Frequently Asked Questions

General Questions

What is CompactifAI API?

CompactifAI API is an LLM inference service providing access to powerful language models through a simple, standardized API that’s compatible with the OpenAI API standard for unbeatable prices.

Which models are available through the API?

Visit the Models Catalog for detailed information or call the GET /models endpoint (see API Reference).

We offer two categories of models:

Compressed Models (Optimized using our in-house compression technology for efficiency):
- cai-llama-4-scout-slim
- cai-llama-3-3-70b-slim
- cai-llama-3-1-8b-slim
- cai-mistral-small-3-1-slim

Original Models:
- deepseek-r1-0528
- llama-4-scout
- llama-3-3-70b
- llama-3-1-8b
- mistral-small-3-1

How does pricing work?

Our API offers a pay-as-you-go pricing model. Pricing varies by model. For the most current pricing, please visit our pricing page.

Technical Questions

What programming languages can I use with the API?

Our API is language-agnostic and can be used with any programming language that can make HTTP requests. We provide example code in Python, JavaScript, and cURL, but you can use any other language.

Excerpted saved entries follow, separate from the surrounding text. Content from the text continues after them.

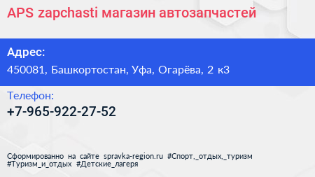 APS zapchasti, магазин автозапчастей по адресу 450081, Башкортостан, Уфа, Огарёва, 2 к3 в дальнейшем Организация, размещена в следующих категориях:
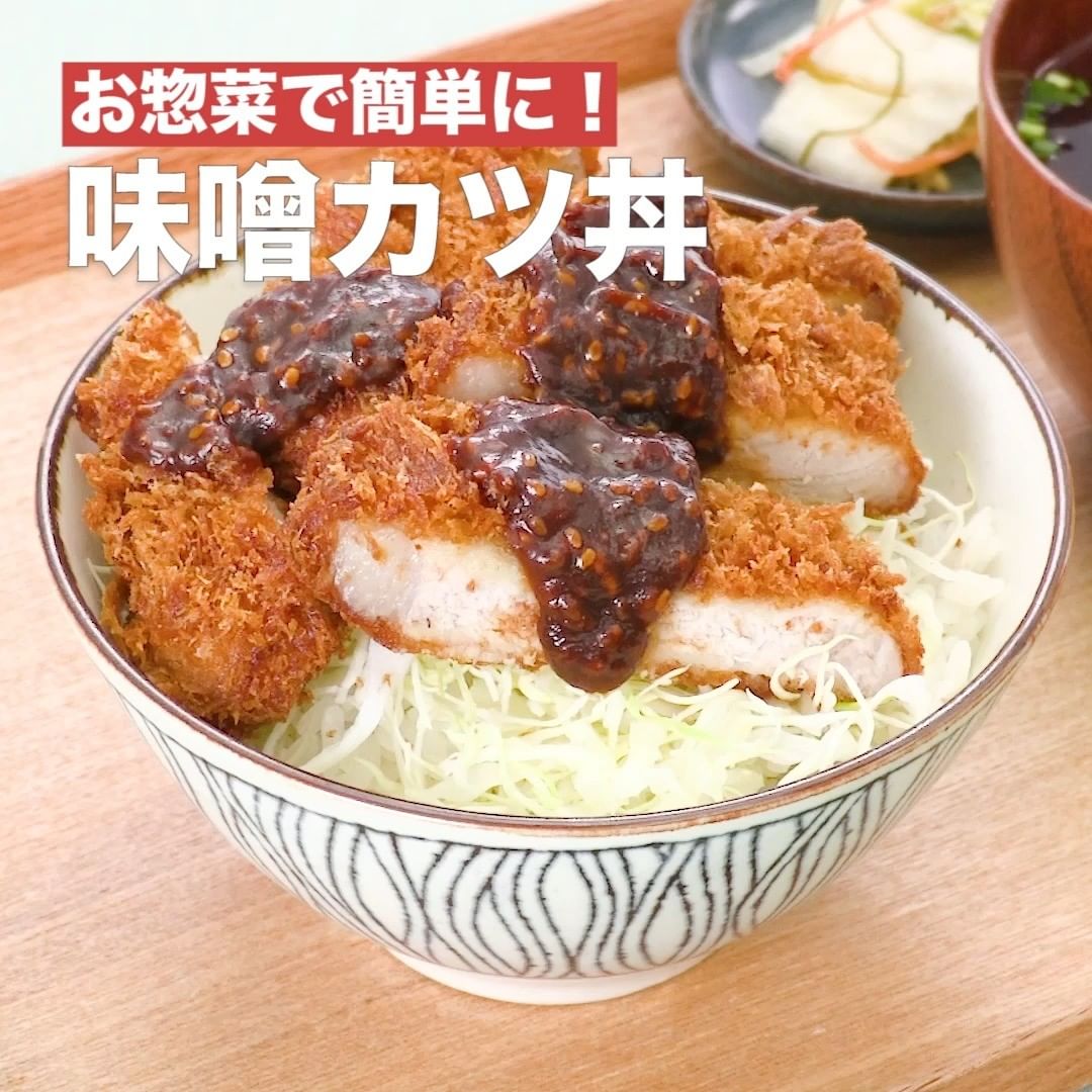 お惣菜のとんかつを一手間加えて味噌カツ丼に♪キャベツもカット野菜を使い、包丁いらず。みそだれを作るだけの簡単メニューです。
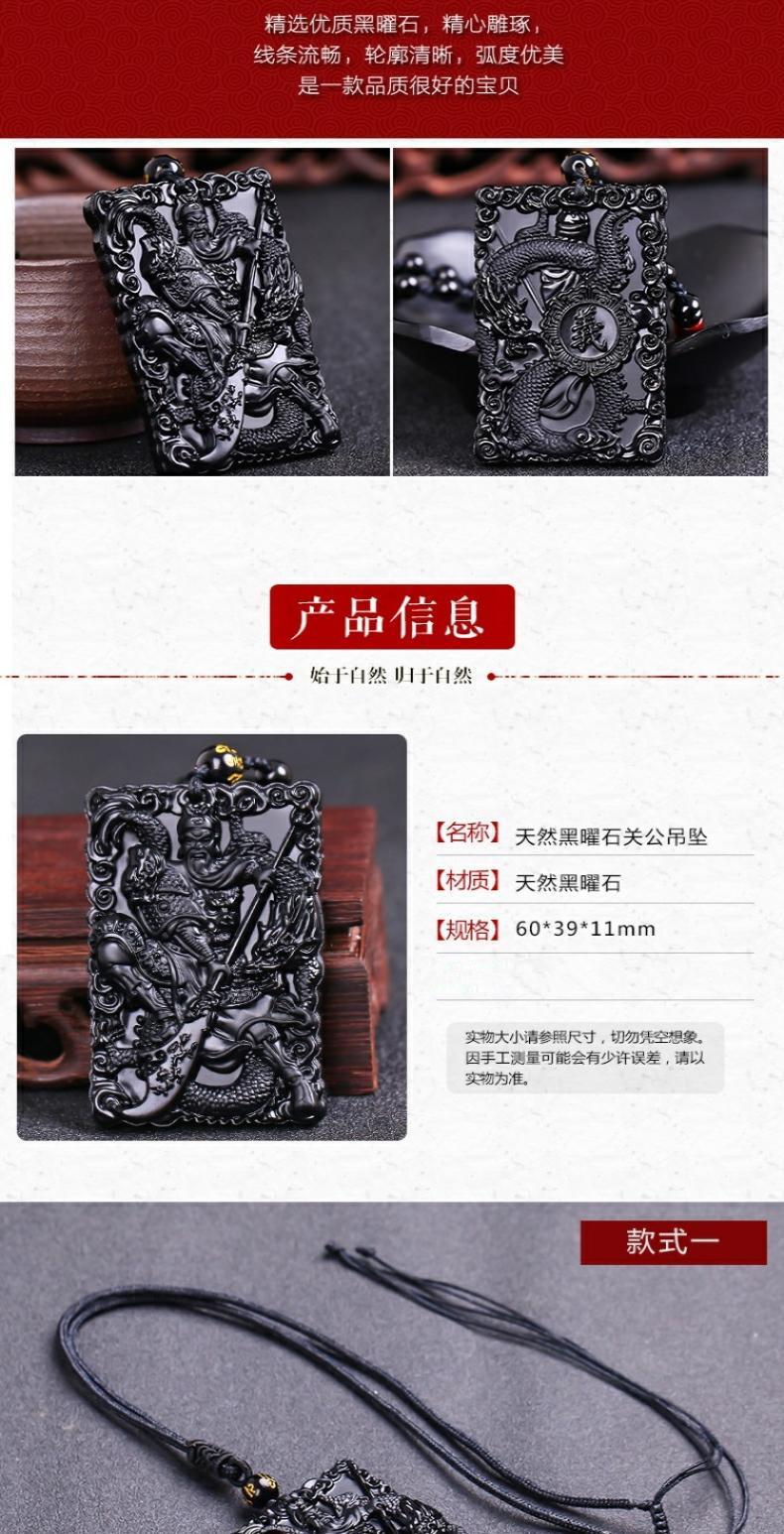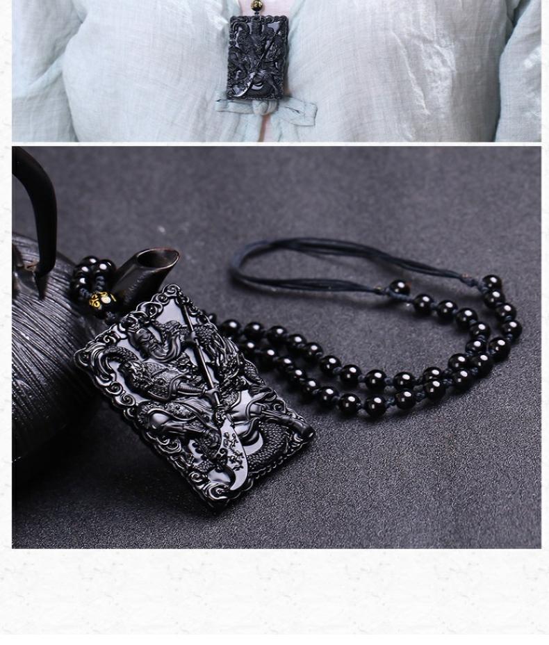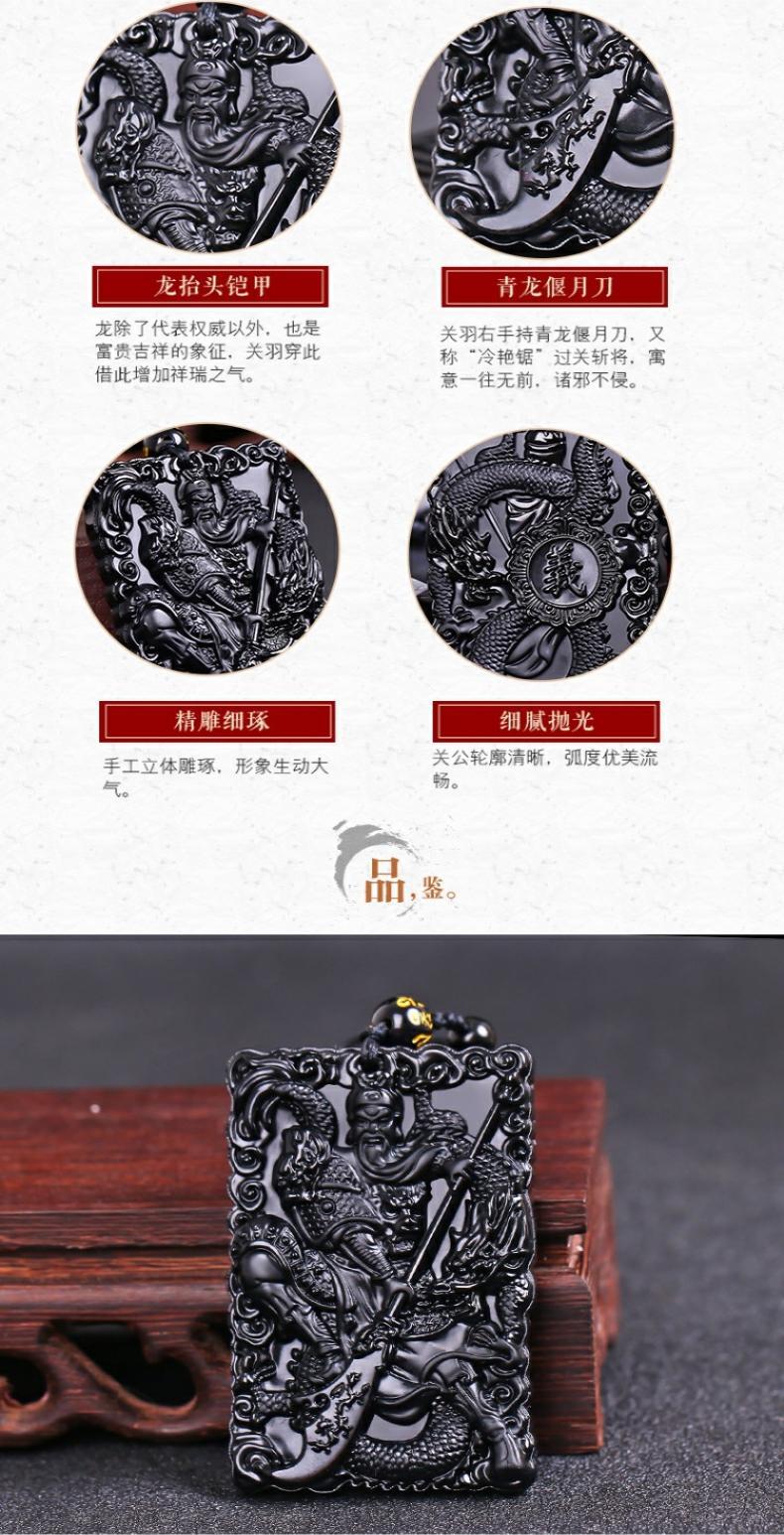 Doble cara tallada imitación obsidiana Guan Gong Zhongyi Wu Dios de la riqueza colgante collar Xianglong Guan Yu Guan Erye hombres
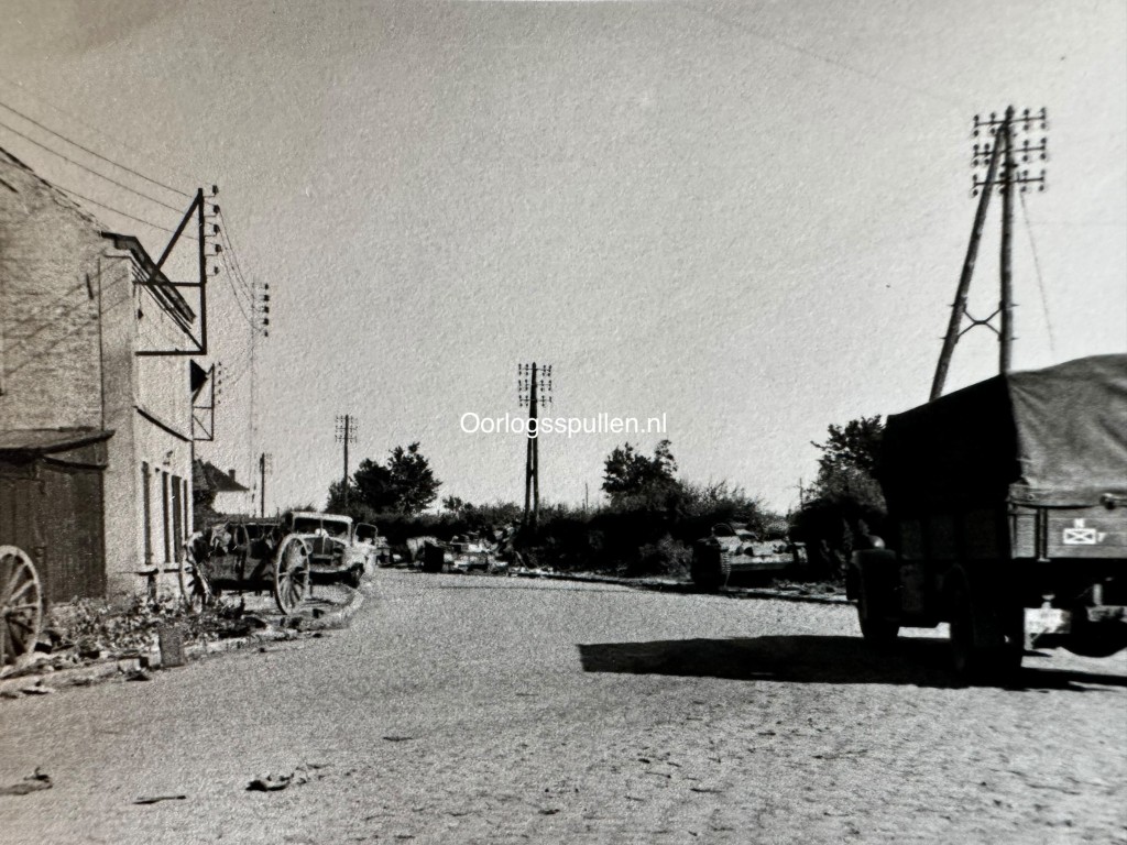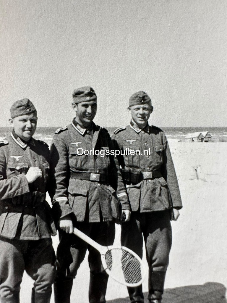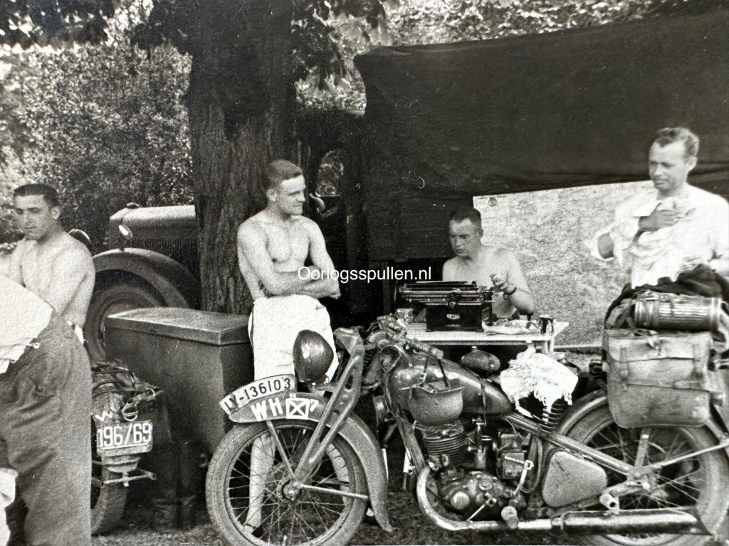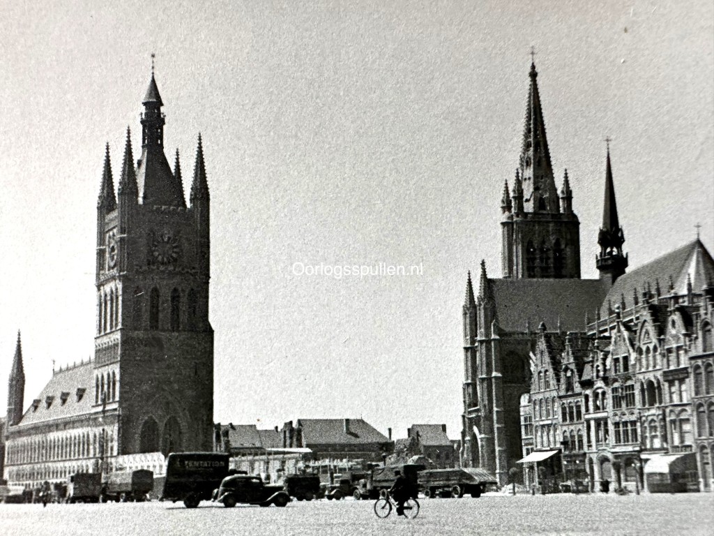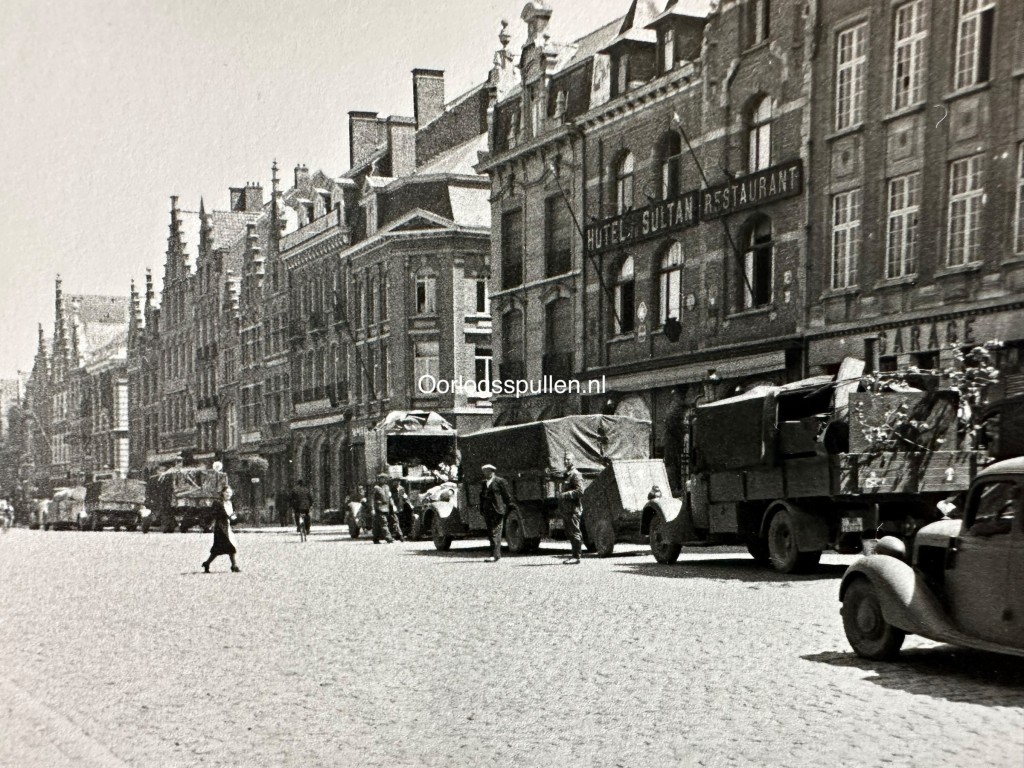 Originele set van 23 Duitse foto’s uit de beginfase van de Tweede Wereldoorlog, genomen tijdens de inval in België in 1940. De reeks geeft een indrukwekkend en samenhangend beeld van de opmars en het dagelijkse frontleven, met duidelijke opnamen uit Ieper (Ypres), waar herkenbare historische gebouwen en het stadsbeeld in oorlogstijd zichtbaar zijn. De foto’s tonen Duitse troepen en voertuigen in de stad, militaire colonnes op pleinen en straten en verschillende architectonische details van de zwaar historisch beladen omgeving. Daarnaast bevat de set aangrijpende kustscènes, waaronder een neergestort vliegtuig in het ondiepe water aan het strand en soldaten die het wrak onderzoeken. Ook is een veldgraf op het strand te zien, gemarkeerd met een bajonet en geïmproviseerd kruis. Samen vormen deze 23 originele foto’s een visueel verslag van de Duitse inval in België, met zowel stedelijke oorlogstaferelen als persoonlijke en menselijke momenten uit het soldatenleven. Een interessant verzamelobject voor verzamelaars van originele Tweede Wereldoorlog fotografie met betrekking tot België.
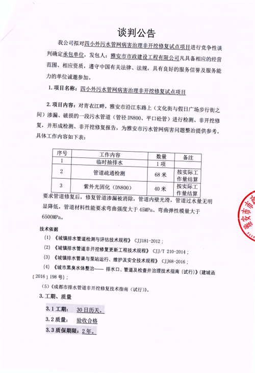 四小外污水管網(wǎng)病害治理非開挖修復(fù)試點(diǎn)項(xiàng)目競(jìng)爭(zhēng)性談判公告(市政公司)
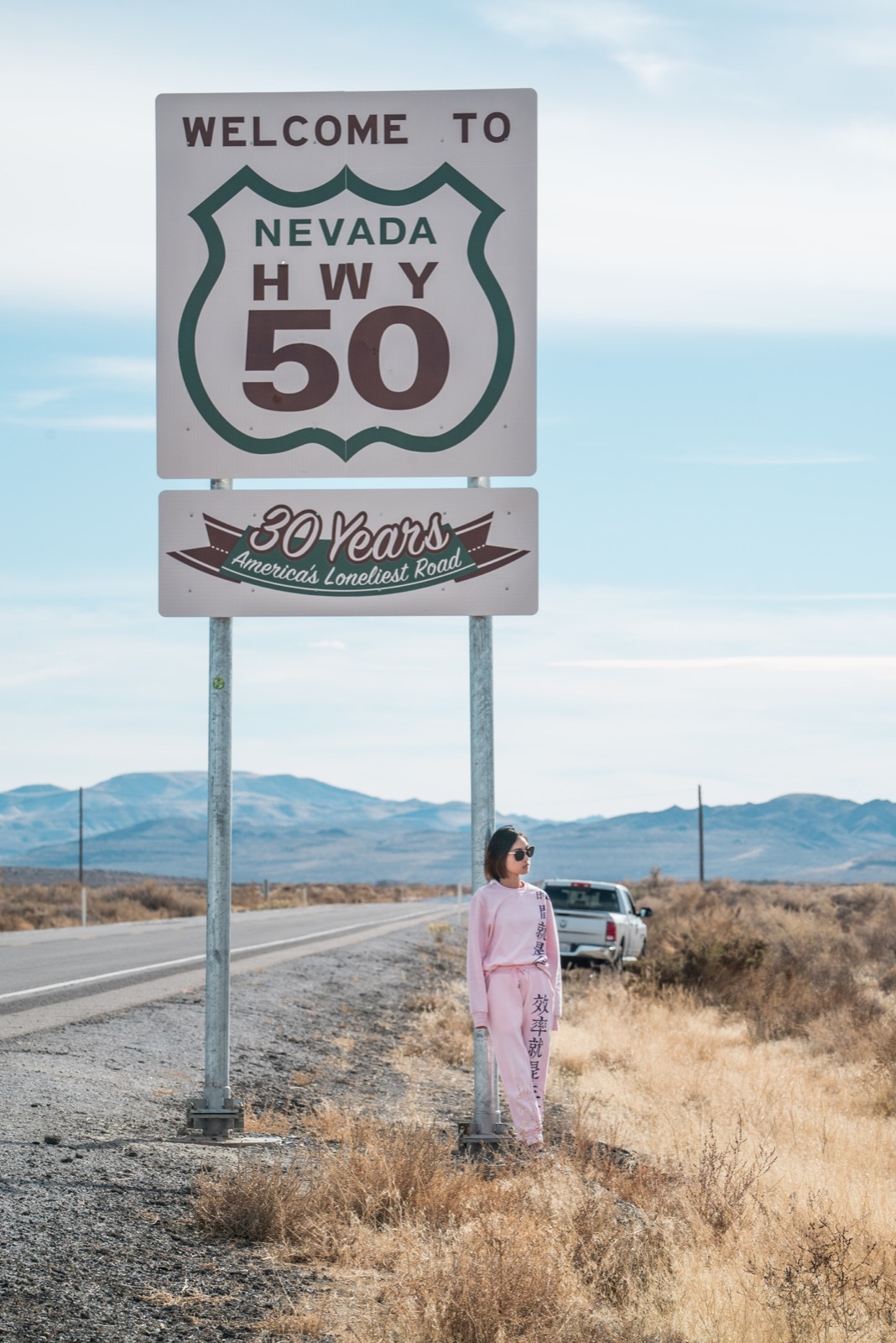 Welcome to NEVADA HWY 50, American Loneliest ROAD。美帝最孤独的公路。妹纸这套衣服是我的同学的独立品牌。
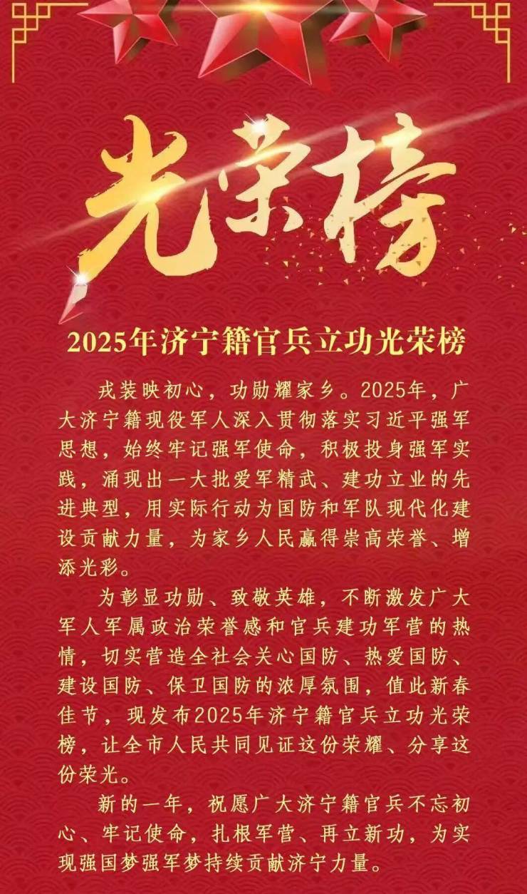 骄傲!2025年济宁籍官兵立功光荣榜发布!

What is the difference between the Chat Completions and Completions endpoints?

Chat Completions is designed for conversational interfaces. It accepts an array of messages with roles (system, user, assistant) and generates a contextually appropriate response.
Completions is designed for text completion tasks. It accepts a single text prompt and generates a continuation of that text.

Does the API include security guardrails for content filtering?

Currently, our API does not implement built-in security guardrails or content filtering mechanisms. It is the responsibility of developers to implement appropriate content moderation, safety checks, and guardrails within their own applications when integrating with our API. We recommend implementing client-side filtering and monitoring to ensure compliance with your application’s content policies and your country’s regulations.

Does the API support streaming responses?

Yes, our API supports streaming responses for both Chat Completions and Completions endpoints. Set the stream parameter to true in your request to receive partial results as Server-Sent Events (SSE) as they are generated. This is useful for creating real-time chat interfaces where you want to display the response as it’s being generated rather than waiting for the complete response.

Account and API Keys

For step-by-step instructions on account creation, API key access, see our Authentication page.

What should I do if my API key is compromised?

If you suspect that your API key has been compromised, contact us immediately through this form so that we can take appropriate action.

Support and Troubleshooting

How do I report issues?

For technical issues, please fill in this form with details about the problem you’re experiencing, including any error codes or messages.

How can I rotate my access key?

You can do this on the MultiverseIAM dashboard. You can rotate your API key by clicking the “Refresh Token” button which appears on the welcome page of the dashboard.

Is there a status page for the API?

Yes, you can check the current status of our API at status.compactif.ai.